== Exercise ==
Up to and including the line that contains "Uma clave cor-de-rosa", repeat the entries below exactly from the first line on. Do not carry over any pictures.

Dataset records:

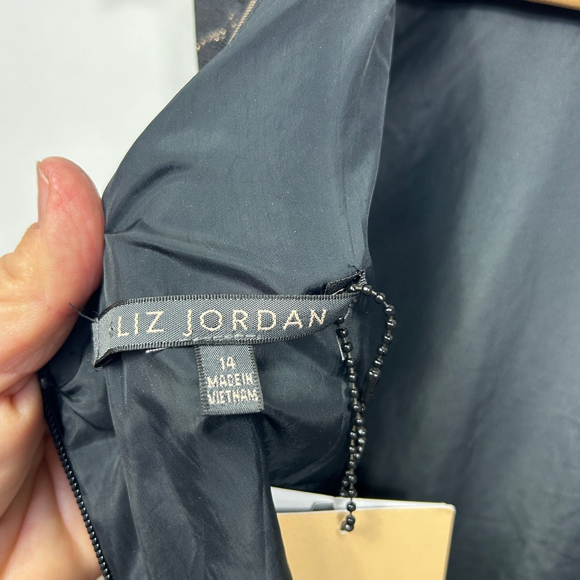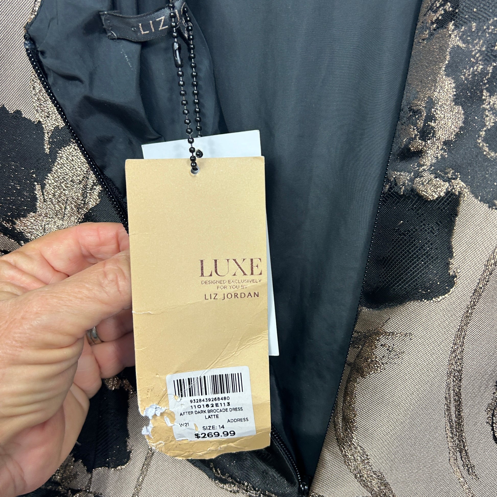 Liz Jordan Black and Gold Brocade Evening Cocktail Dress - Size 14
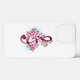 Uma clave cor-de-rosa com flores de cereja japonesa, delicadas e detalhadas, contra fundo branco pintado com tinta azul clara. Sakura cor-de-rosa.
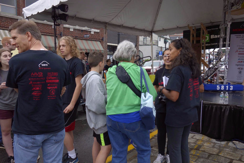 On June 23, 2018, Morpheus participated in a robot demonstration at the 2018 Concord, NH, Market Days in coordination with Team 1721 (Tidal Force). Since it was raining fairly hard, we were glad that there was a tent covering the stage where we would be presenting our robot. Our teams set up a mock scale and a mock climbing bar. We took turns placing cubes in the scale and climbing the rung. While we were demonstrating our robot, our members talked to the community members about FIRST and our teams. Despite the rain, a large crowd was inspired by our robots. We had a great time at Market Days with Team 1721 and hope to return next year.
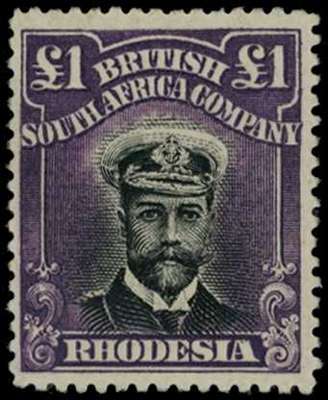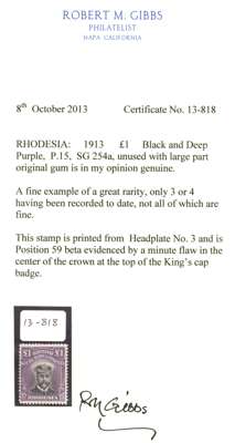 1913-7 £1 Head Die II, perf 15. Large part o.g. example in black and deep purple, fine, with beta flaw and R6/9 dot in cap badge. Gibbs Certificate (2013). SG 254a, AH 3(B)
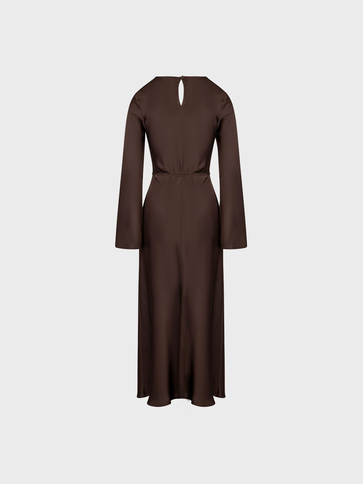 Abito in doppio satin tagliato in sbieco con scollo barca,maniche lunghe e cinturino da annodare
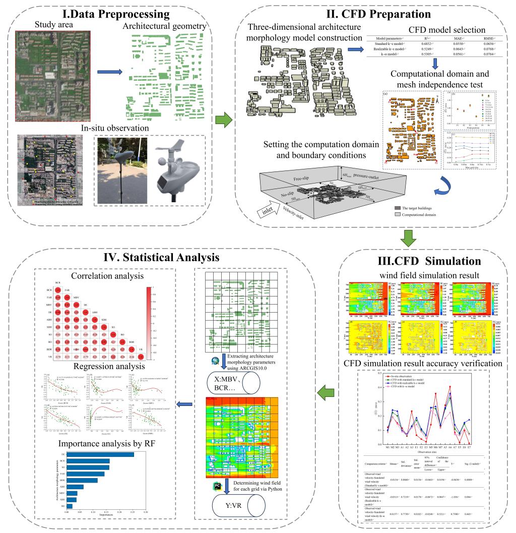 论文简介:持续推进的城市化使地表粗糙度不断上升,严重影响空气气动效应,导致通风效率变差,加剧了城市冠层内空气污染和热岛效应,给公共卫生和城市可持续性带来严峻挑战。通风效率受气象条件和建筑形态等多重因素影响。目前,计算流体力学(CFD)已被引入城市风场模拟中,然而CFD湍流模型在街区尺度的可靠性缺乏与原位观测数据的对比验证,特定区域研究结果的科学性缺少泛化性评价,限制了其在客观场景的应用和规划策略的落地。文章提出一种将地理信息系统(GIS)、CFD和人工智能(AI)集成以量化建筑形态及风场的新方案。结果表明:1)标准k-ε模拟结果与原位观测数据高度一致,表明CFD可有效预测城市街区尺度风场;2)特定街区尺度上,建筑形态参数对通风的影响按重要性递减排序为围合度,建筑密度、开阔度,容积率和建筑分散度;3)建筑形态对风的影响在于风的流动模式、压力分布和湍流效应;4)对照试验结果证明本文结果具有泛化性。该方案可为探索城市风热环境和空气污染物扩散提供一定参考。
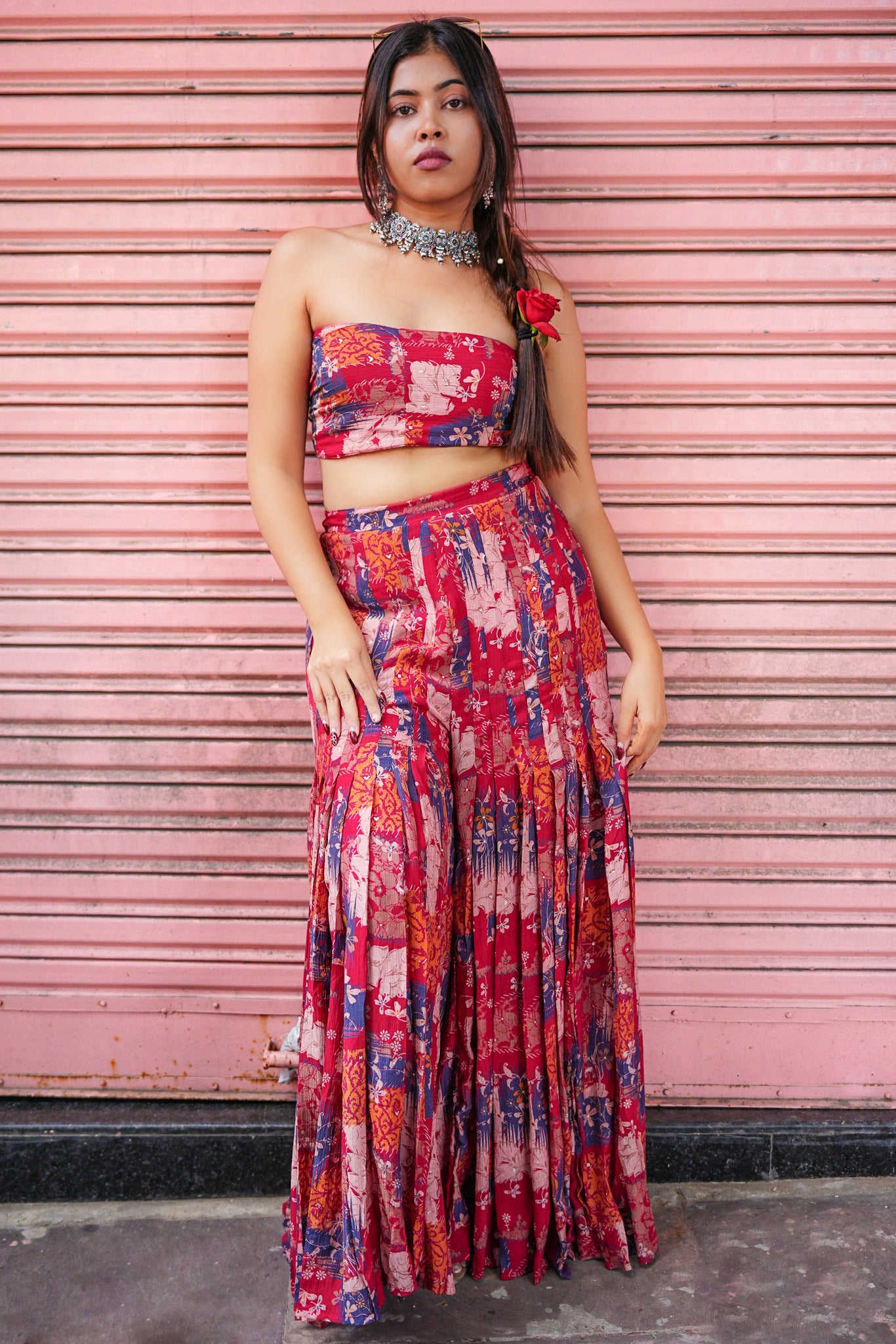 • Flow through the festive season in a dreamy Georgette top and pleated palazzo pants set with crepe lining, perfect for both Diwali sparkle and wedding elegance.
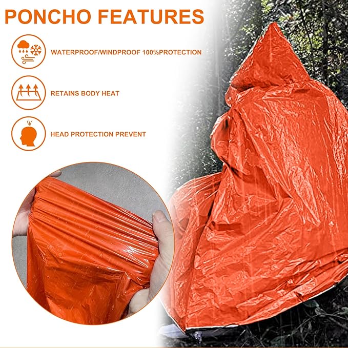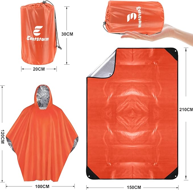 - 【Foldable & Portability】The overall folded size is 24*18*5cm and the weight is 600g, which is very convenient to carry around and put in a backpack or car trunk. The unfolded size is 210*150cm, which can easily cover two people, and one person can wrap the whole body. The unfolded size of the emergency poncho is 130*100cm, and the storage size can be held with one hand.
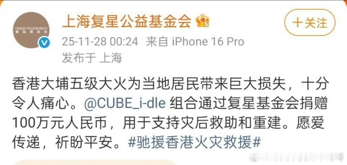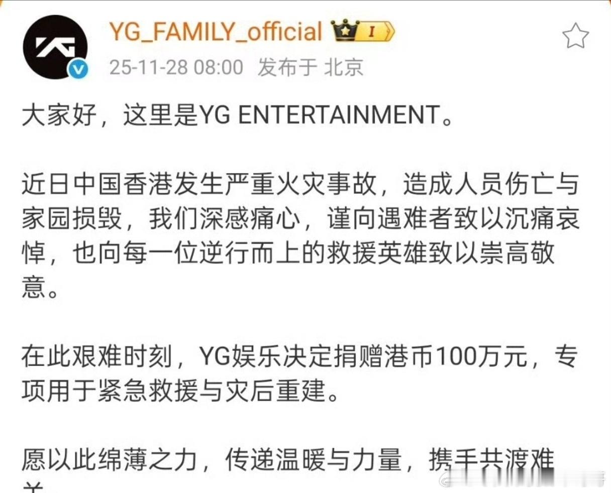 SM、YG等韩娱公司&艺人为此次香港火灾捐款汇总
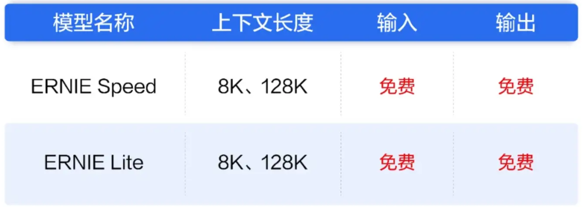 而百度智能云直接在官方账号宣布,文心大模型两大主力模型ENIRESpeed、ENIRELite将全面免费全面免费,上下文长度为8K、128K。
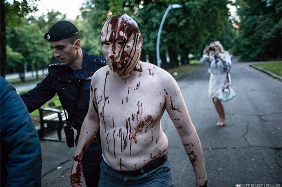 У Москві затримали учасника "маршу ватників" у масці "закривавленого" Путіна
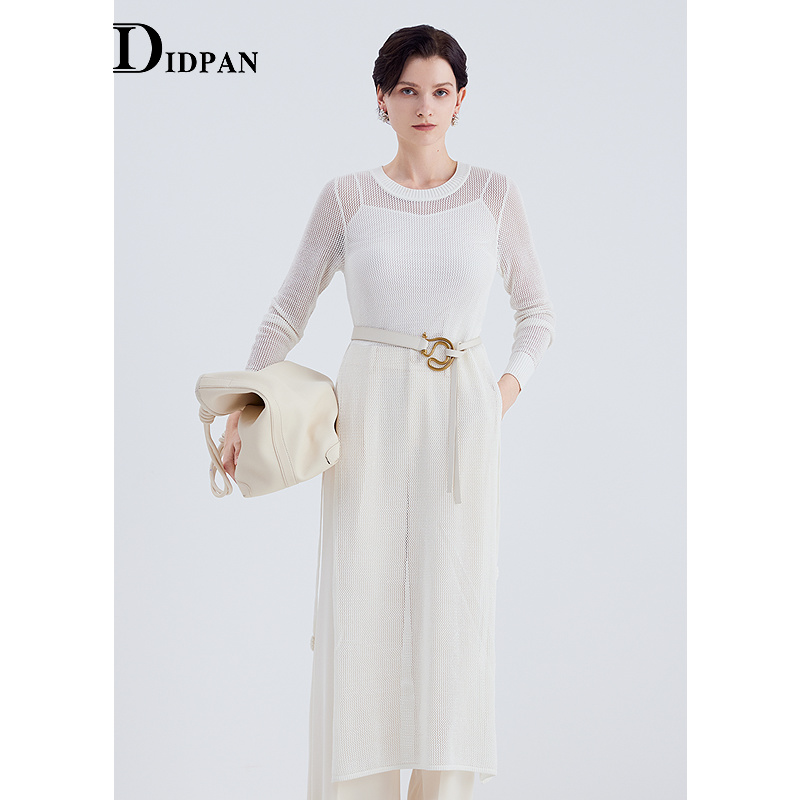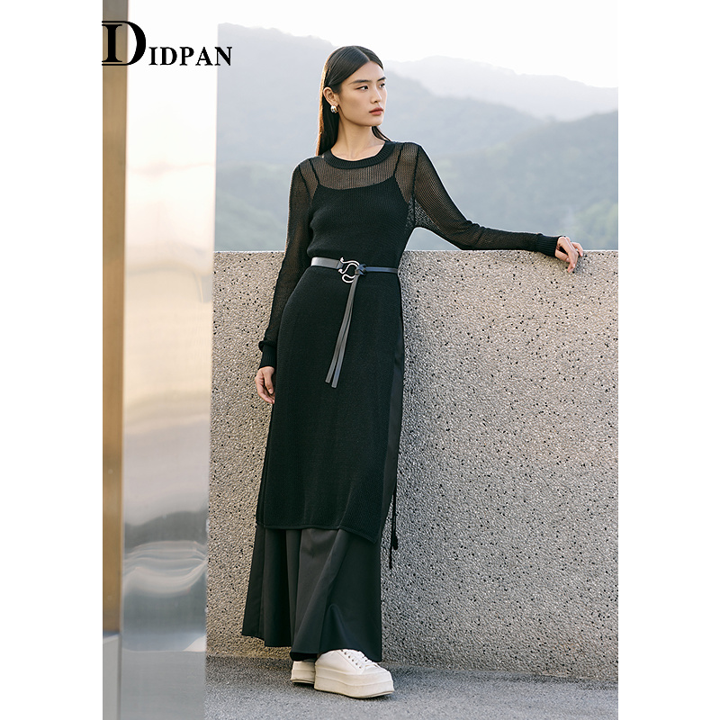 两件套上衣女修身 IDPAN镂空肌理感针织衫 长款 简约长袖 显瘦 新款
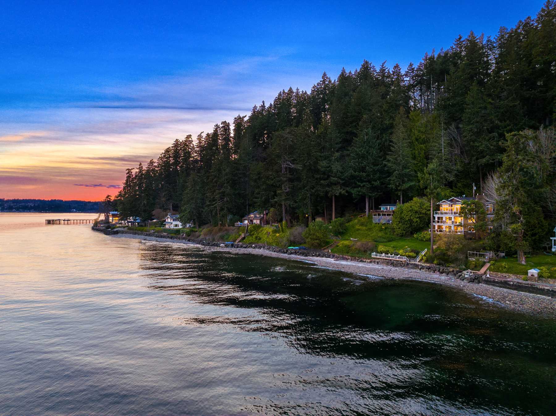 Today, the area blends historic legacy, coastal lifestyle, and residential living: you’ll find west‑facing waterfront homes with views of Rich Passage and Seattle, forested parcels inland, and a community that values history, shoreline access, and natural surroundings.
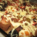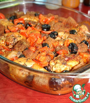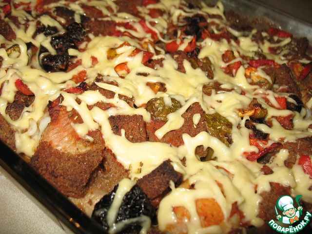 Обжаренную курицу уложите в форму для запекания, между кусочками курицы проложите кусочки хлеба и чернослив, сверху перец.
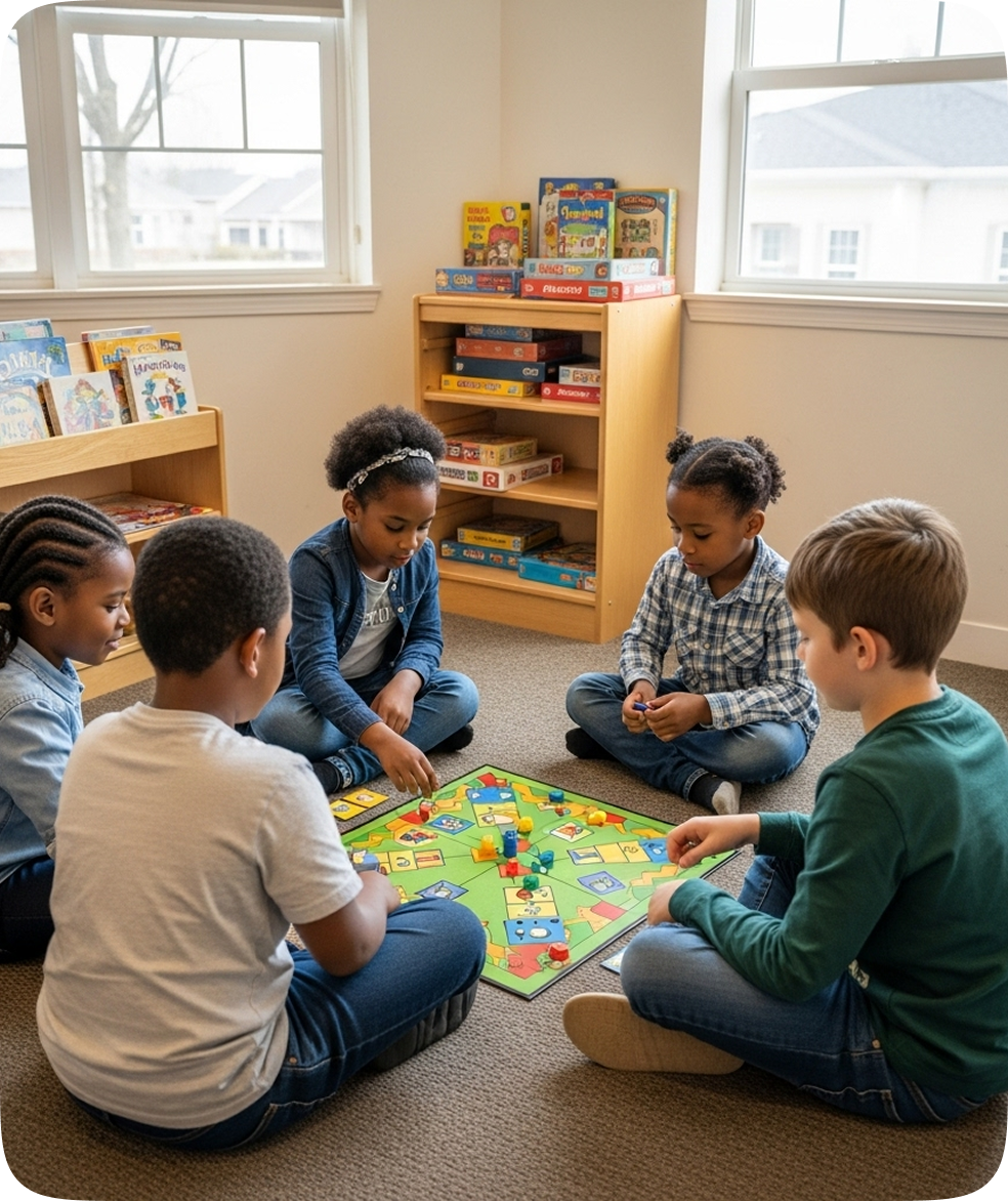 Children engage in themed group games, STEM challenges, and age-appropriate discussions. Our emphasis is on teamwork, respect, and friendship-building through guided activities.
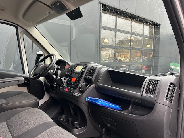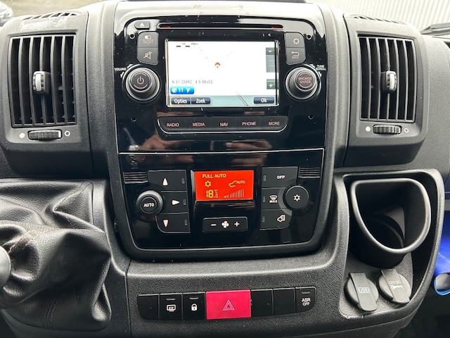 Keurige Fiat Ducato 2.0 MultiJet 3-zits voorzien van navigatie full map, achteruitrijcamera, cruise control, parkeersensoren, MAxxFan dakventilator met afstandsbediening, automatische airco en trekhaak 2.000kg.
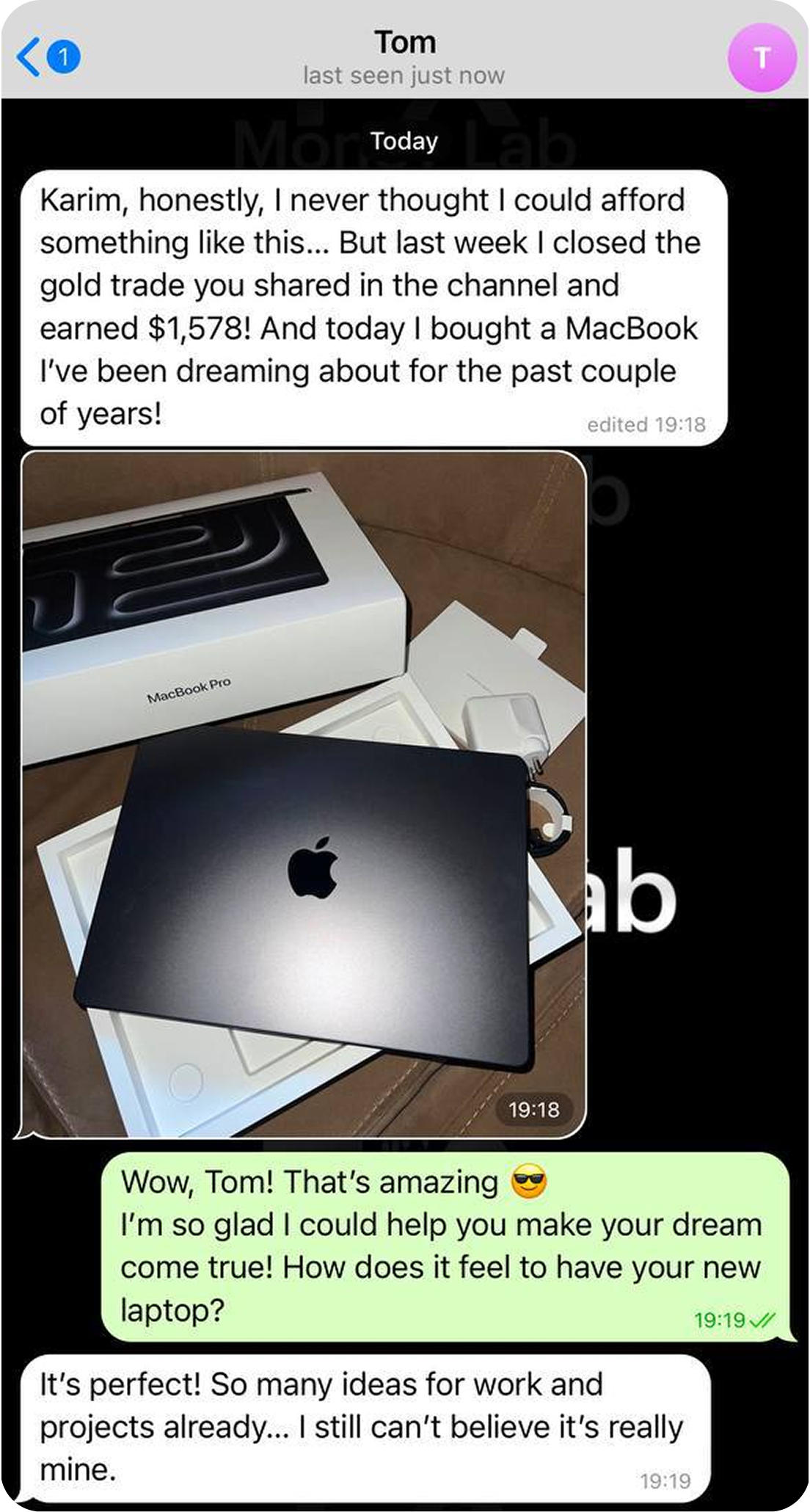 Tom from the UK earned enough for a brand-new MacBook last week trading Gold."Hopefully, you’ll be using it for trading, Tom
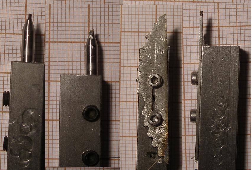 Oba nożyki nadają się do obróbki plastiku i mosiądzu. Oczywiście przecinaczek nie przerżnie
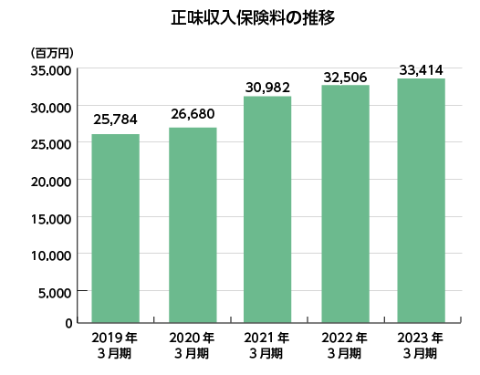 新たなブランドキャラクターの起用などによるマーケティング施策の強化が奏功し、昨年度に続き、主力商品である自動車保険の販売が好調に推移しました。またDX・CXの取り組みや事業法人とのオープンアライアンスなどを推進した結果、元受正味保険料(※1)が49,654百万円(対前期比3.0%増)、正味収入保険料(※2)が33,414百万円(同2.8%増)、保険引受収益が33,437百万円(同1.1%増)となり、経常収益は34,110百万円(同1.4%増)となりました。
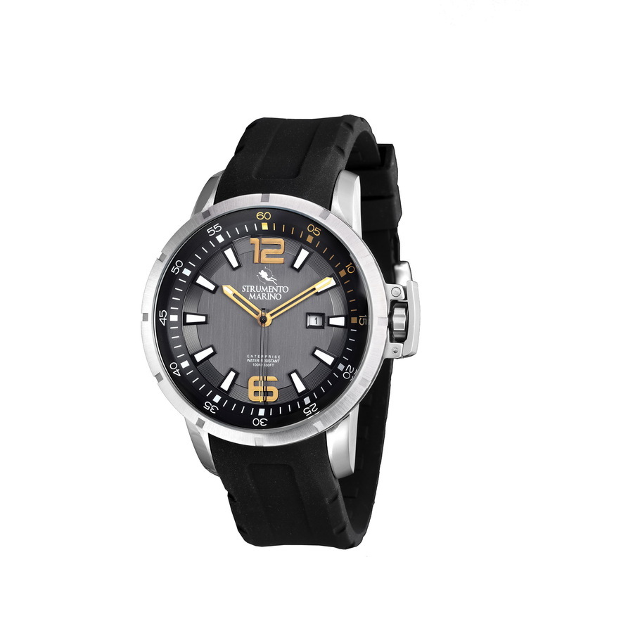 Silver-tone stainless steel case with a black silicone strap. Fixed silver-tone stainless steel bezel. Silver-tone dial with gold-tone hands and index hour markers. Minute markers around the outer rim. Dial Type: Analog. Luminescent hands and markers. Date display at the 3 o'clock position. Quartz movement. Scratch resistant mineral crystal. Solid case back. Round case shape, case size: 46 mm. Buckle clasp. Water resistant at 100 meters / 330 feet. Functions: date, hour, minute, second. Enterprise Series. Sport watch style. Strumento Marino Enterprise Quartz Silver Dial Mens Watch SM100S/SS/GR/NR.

== Expected answer ==
 Liz Jordan Black and Gold Brocade Evening Cocktail Dress - Size 14
 Uma clave cor-de-rosa com flores de cereja japonesa, delicadas e detalhadas, contra fundo branco pintado com tinta azul clara. Sakura cor-de-rosa.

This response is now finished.